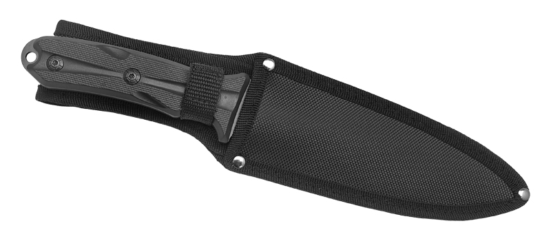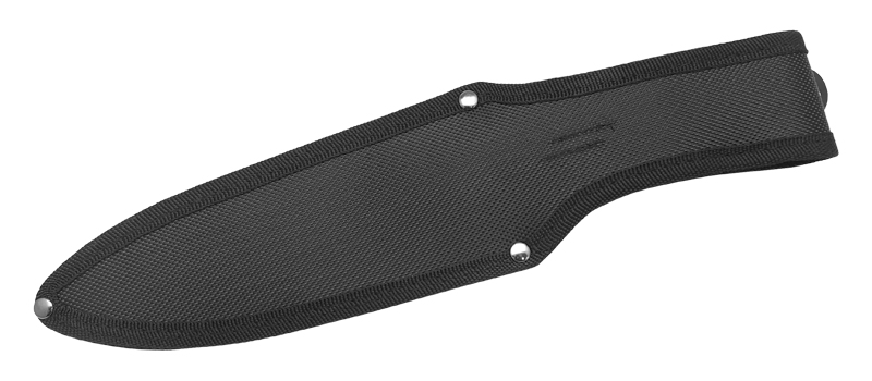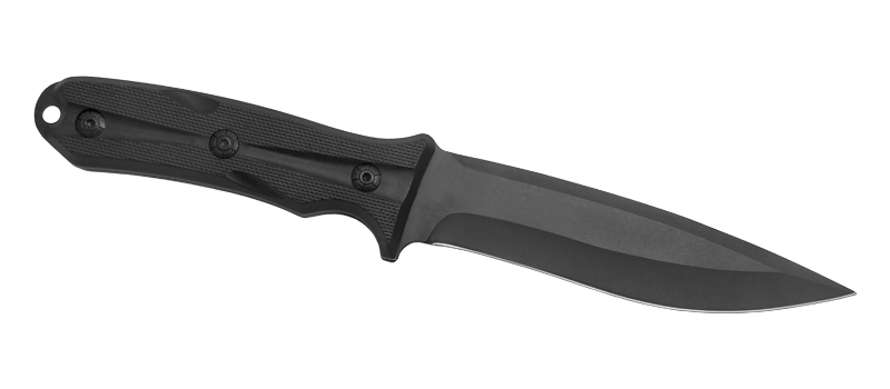 Универсальный полевой нож. Широкий листовидный клинок сделан из нержавеющей стали, имеет покрытие чёрного цвета для дополнительной защиты от коррозии. Небольшая рекурва повышает режущие свойства, а понижение линии обуха формирует почти кинжальное остриё. Рукоять собрана по типу «full tang» с накладками из прочного пластика на металлической пластине. Это самый прочный способ монтажа рукояти. Укомплектован удобными ножнами.Не указан форум для отзывов.
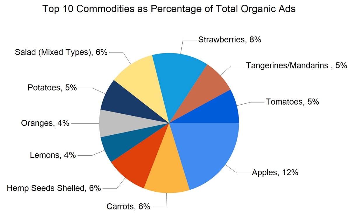 Total ad numbers this week reached 304,073—a 7% increase from last week's total of 284,354 and 5% higher than the same week last year (288,391). Ads by commodity group were as follows: fruit 164,098 (54%), vegetables 104,488 (34%), onions and potatoes 25,759 (8%), herbs 760, ornamentals 5,995 (2%), and hemp 3,733. Ads for organic produce totaled 36,732, making up 12% of all ads.
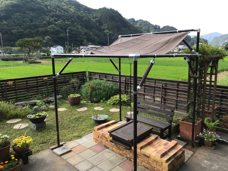 シェードを張って日よけにしたり、小雨の降る日にはこの上に防水シートをかけてBBQしたりもして、それなりに役には立っていますが。
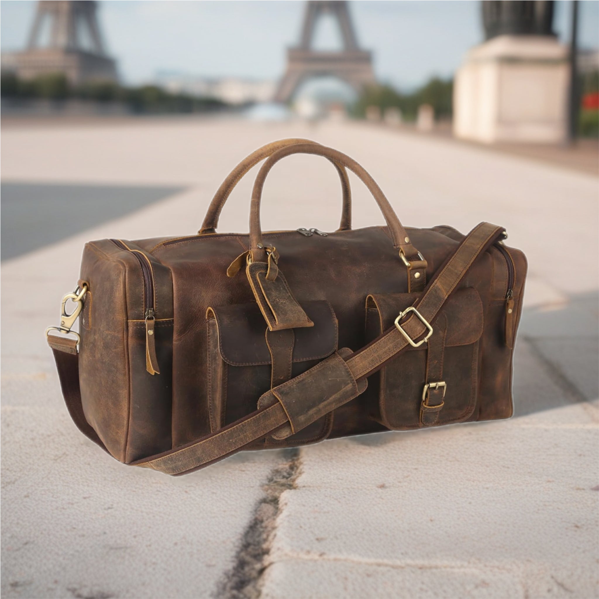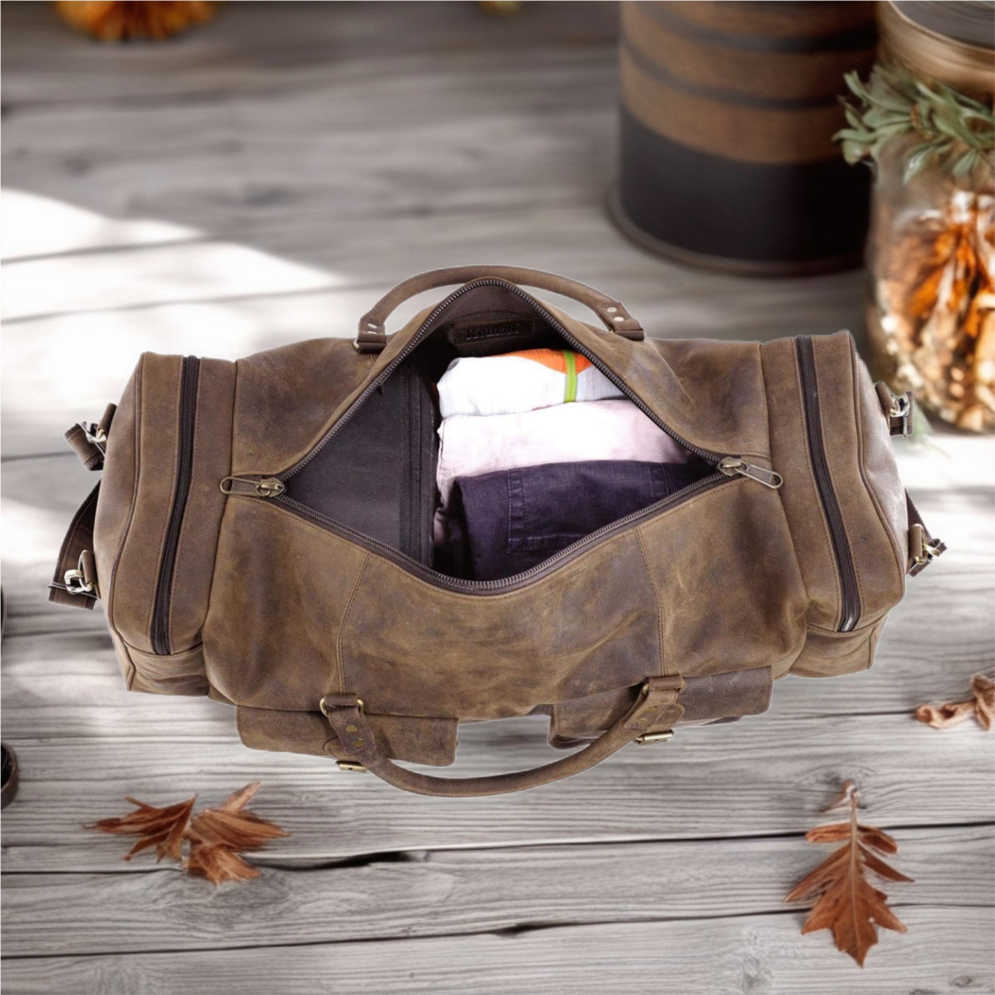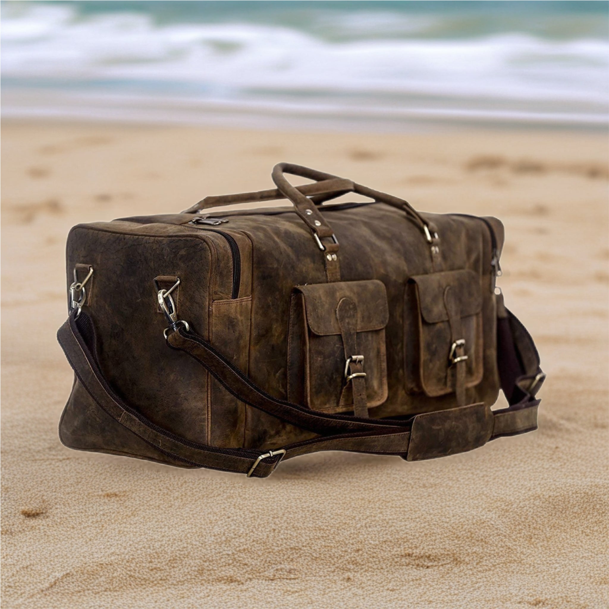 The Large Hunter Buffalo Leather Duffel Bag combines rugged style and durability, perfect for any adventure. With premium buffalo leather and ample storage, it’s your ideal travel companion.
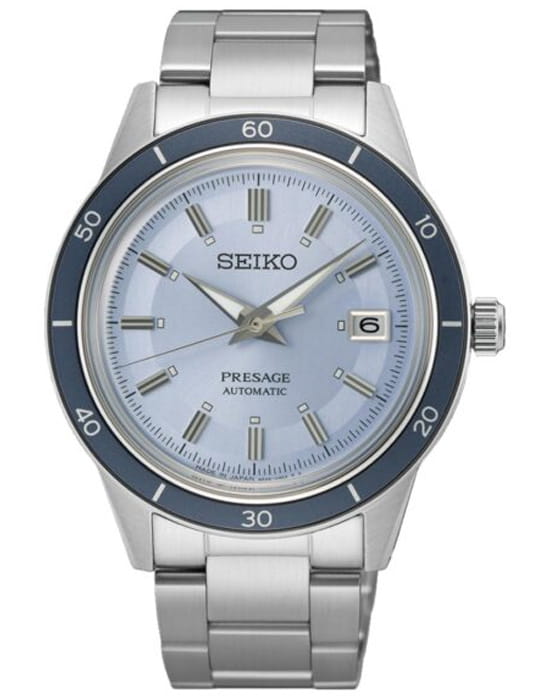 Модель Seiko SRPL19J1 из коллекции Presage Style 60s — это элегантные автоматические часы с ретро-настроением и спокойной эстетикой 1960-х годов. Корпус диаметром 39,5 мм выполнен из нержавеющей стали с комбинированной полировкой, подчёркивая классический силуэт модели. Водозащита — до 50 метров, что делает часы удобными для повседневного использования. Фиксированный алюминиевый безельБезельВнешний ободок, закрепляющий стекло. В спортивных часах так называется поворотное кольцо с делениями на циферблате, выполняет роль таймера – замеряет отрезки времени на шкале. Неподвижный безель – элемент декора. Однонаправленно вращающийся безель на дайверских часах позволяет фиксировать моменты погружения и выныривания на поверхность. с минутной разметкой подчёркивает винтажный стиль. Циферблат с фактурной поверхностью дополнен аккуратными метками и стрелками с люминесцентным покрытиемЛюминесцентное покрытиеПозволяет считывать показания времени в темноте. Производители наносят на стрелки, часовые индексы, безель или поверхность циферблата светонакопительный состав, дающий холодное свечение. LumiBrite, обеспечивающим читаемость в тёмное время суток. Циферблат защищён выпуклым стеклом Hardlex, которое имитирует эффект винтажного купольного стекла. Внутри установлен надёжный автоматический калибр Seiko 4R35 с функцией ручного подзавода, остановкой секундной стрелки и индикацией даты. Запас хода составляет около 41 часа. Браслет выполнен из нержавеющей стали с 5-звеньевой конструкцией и снабжён удобной раскладной застёжкойРаскладная застёжкаТакой тип застёжки используется только на браслетах из металла. Она никогда не раскрывается полностью, происходит разделение на 2 и более частей. Раскладывающая застёжка снизит вероятность потери часов к минимуму. с кнопками. Seiko — это изысканные повседневные часы, в которых сочетаются винтажный облик, современная механика и продуманное исполнение.
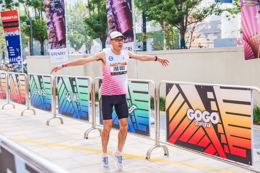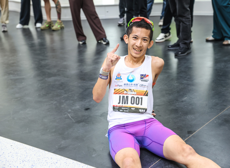 图为来自马来西亚的选手Soh Wai Ching(苏为庆)以7分05秒的成绩第一个冲过终点线,获得本次大赛冠军。
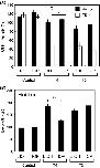 Figure 3: D2 activity is required for the death of thyroid hormone receptor (TRα)-transfected tail muscle cells induced by a low level of thyroid hormone (TH). (A) The empty vector or TRα expression construct was co-injected with the GFP gene (25 ng each) into the third tail myomere, and the GFP and DNTRα constructs (25 ng each) were injected into the seventh myomere as in Fig. 2A. One week after injection, the tadpoles were immersed in the rearing water containing 10 μm iopanoic acid (IOP) or ethanol (EtOH) with or without 0.6 nm TH. GFP fluorescence was quantified in the tail myomeres injected with the vector (closed column) or TRα (open column) on days 0 and 10. Data are expressed as means ± SE. (n = 5â13). Statistical significance by comparison of TH-treated tail myomeres in the absence and presence of IOP was assessed using Student's t-test. *P < 0.05. (B) The size of hind limbs in tadpoles used in A was measured on days 0 and 10. Data are expressed as means ± SE. (n = 17â25). Statistical significance by comparison of TH-treated hind limbs in the absence and presence of IOP was assessed using Student's t-test. **P < 0.001.
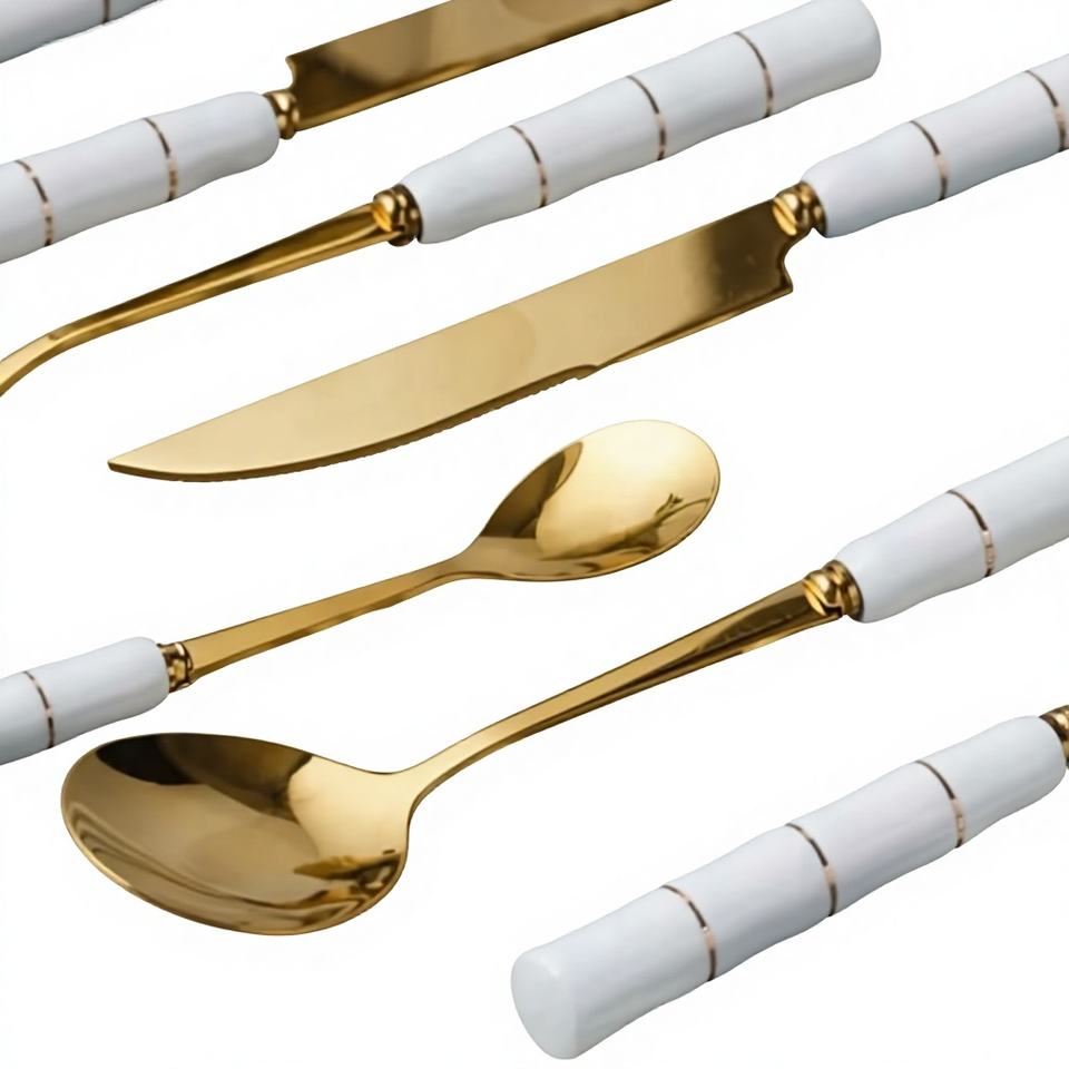 Ensemble de couverts de table en acier inoxydable de style nordique, conçu pour les cadeaux d'affaires et une ambiance culinaire immersive

-=-=-=-=-

# [ACTIVITY]
Transcribe the listing exactly. Its images are to be omitted.

# [WRITTEN RESPONSE]
 Универсальный полевой нож. Широкий листовидный клинок сделан из нержавеющей стали, имеет покрытие чёрного цвета для дополнительной защиты от коррозии. Небольшая рекурва повышает режущие свойства, а понижение линии обуха формирует почти кинжальное остриё. Рукоять собрана по типу «full tang» с накладками из прочного пластика на металлической пластине. Это самый прочный способ монтажа рукояти. Укомплектован удобными ножнами.Не указан форум для отзывов.
 Total ad numbers this week reached 304,073—a 7% increase from last week's total of 284,354 and 5% higher than the same week last year (288,391). Ads by commodity group were as follows: fruit 164,098 (54%), vegetables 104,488 (34%), onions and potatoes 25,759 (8%), herbs 760, ornamentals 5,995 (2%), and hemp 3,733. Ads for organic produce totaled 36,732, making up 12% of all ads.
 シェードを張って日よけにしたり、小雨の降る日にはこの上に防水シートをかけてBBQしたりもして、それなりに役には立っていますが。
 The Large Hunter Buffalo Leather Duffel Bag combines rugged style and durability, perfect for any adventure. With premium buffalo leather and ample storage, it’s your ideal travel companion.
 Модель Seiko SRPL19J1 из коллекции Presage Style 60s — это элегантные автоматические часы с ретро-настроением и спокойной эстетикой 1960-х годов. Корпус диаметром 39,5 мм выполнен из нержавеющей стали с комбинированной полировкой, подчёркивая классический силуэт модели. Водозащита — до 50 метров, что делает часы удобными для повседневного использования. Фиксированный алюминиевый безельБезельВнешний ободок, закрепляющий стекло. В спортивных часах так называется поворотное кольцо с делениями на циферблате, выполняет роль таймера – замеряет отрезки времени на шкале. Неподвижный безель – элемент декора. Однонаправленно вращающийся безель на дайверских часах позволяет фиксировать моменты погружения и выныривания на поверхность. с минутной разметкой подчёркивает винтажный стиль. Циферблат с фактурной поверхностью дополнен аккуратными метками и стрелками с люминесцентным покрытиемЛюминесцентное покрытиеПозволяет считывать показания времени в темноте. Производители наносят на стрелки, часовые индексы, безель или поверхность циферблата светонакопительный состав, дающий холодное свечение. LumiBrite, обеспечивающим читаемость в тёмное время суток. Циферблат защищён выпуклым стеклом Hardlex, которое имитирует эффект винтажного купольного стекла. Внутри установлен надёжный автоматический калибр Seiko 4R35 с функцией ручного подзавода, остановкой секундной стрелки и индикацией даты. Запас хода составляет около 41 часа. Браслет выполнен из нержавеющей стали с 5-звеньевой конструкцией и снабжён удобной раскладной застёжкойРаскладная застёжкаТакой тип застёжки используется только на браслетах из металла. Она никогда не раскрывается полностью, происходит разделение на 2 и более частей. Раскладывающая застёжка снизит вероятность потери часов к минимуму. с кнопками. Seiko — это изысканные повседневные часы, в которых сочетаются винтажный облик, современная механика и продуманное исполнение.
 图为来自马来西亚的选手Soh Wai Ching(苏为庆)以7分05秒的成绩第一个冲过终点线,获得本次大赛冠军。
 Figure 3: D2 activity is required for the death of thyroid hormone receptor (TRα)-transfected tail muscle cells induced by a low level of thyroid hormone (TH). (A) The empty vector or TRα expression construct was co-injected with the GFP gene (25 ng each) into the third tail myomere, and the GFP and DNTRα constructs (25 ng each) were injected into the seventh myomere as in Fig. 2A. One week after injection, the tadpoles were immersed in the rearing water containing 10 μm iopanoic acid (IOP) or ethanol (EtOH) with or without 0.6 nm TH. GFP fluorescence was quantified in the tail myomeres injected with the vector (closed column) or TRα (open column) on days 0 and 10. Data are expressed as means ± SE. (n = 5â13). Statistical significance by comparison of TH-treated tail myomeres in the absence and presence of IOP was assessed using Student's t-test. *P < 0.05. (B) The size of hind limbs in tadpoles used in A was measured on days 0 and 10. Data are expressed as means ± SE. (n = 17â25). Statistical significance by comparison of TH-treated hind limbs in the absence and presence of IOP was assessed using Student's t-test. **P < 0.001.
 Ensemble de couverts de table en acier inoxydable de style nordique, conçu pour les cadeaux d'affaires et une ambiance culinaire immersive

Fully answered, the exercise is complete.